I am trying to be mature about this but finding myself increasingly upset at the difference in attitude that my 19 month old daughter exhibits towards her daddy and me. He is her main carer, looking after her for half the working week, along with a childminder, while I work full time (not through choice).
Her preference for him is evident to the point where she hardly allows me to pick her up. She certainly won't entertain the idea of me reading as story to her, for example, if he is in the room (and therefore in her eyes, available). This preference has been particularly apparent during the last few days, during which she's been ill. All she wants is daddy, and responds to me with screaming and crying and trying to get away, calling for him. Unless, that is, he isn't around, in which case she bleats after him a bit but basically seems to accept that I'm the only parent on offer.
It's so hurtful. I am the best mummy I can be in the time I have with her but to be honest, it seems as though I might as well not exist.
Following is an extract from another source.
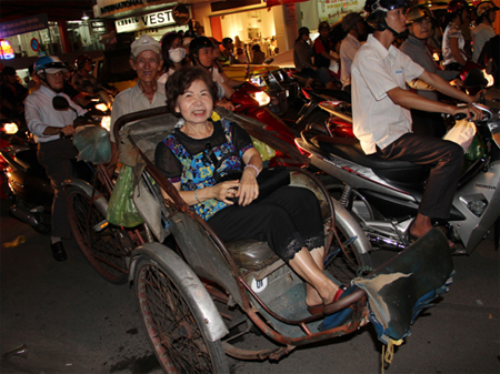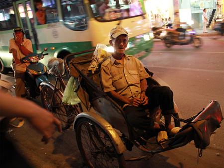 Ông lão tên là Trung Văn Lai, 72 tuổi, quê ở Mỹ Tho, Tiền Giang. Ngồi trên chiếc xe xích lô cũ kỹ, ông cụ dáng người còm cõi, mái tóc bạc phơ, làn da đen nhăn nhúm, miệng cười móm mém bảo: “Ông vẫn còn khỏe lắm. Đạp xe nhiều lúc cũng mệt, nhất là hôm nào đông khách đêm về chân lại nhức. Nhưng được cái trời thương cho ông sức khỏe, không bệnh tật gì cả”.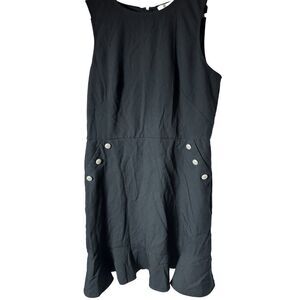 Loft Plus Dress Womens 10 Navy Blue Sleeveless Buttons Pockets Career Nautical

I can understand her having a greater attachment to my husband because she sees that much more of him, but I don't see my friends' children exhibiting the same sort of behaviour towards their fathers. On the contrary, they seem positively delighted when daddy gets home from work.
It's bad enough having to go out and leave her all day, every day. Our current financial situation/earning potential dictates that this is the way we have to live at the moment, but I feel as though I am being doubly punished. As I said at the beginning of this post, I'm really trying to be rational about it but I really can't stand another situation in which my little girl is fighting her way out of my arms and crying for her dad. I don't expect her gratitude fot the fact that I'm always the one who gets out of bed at night to see to her when she needs it, and always the one who wakes up if anything is wrong, who makes sure there are clean clothes, clean nappies, warm milk to drink and bottles of calpol on standby - etc, etc, etc - but it would be nice to mean a bit more to her than just some horrible alternative to daddy, who will do only if he isn't in the house.
Anyone else out there been through this?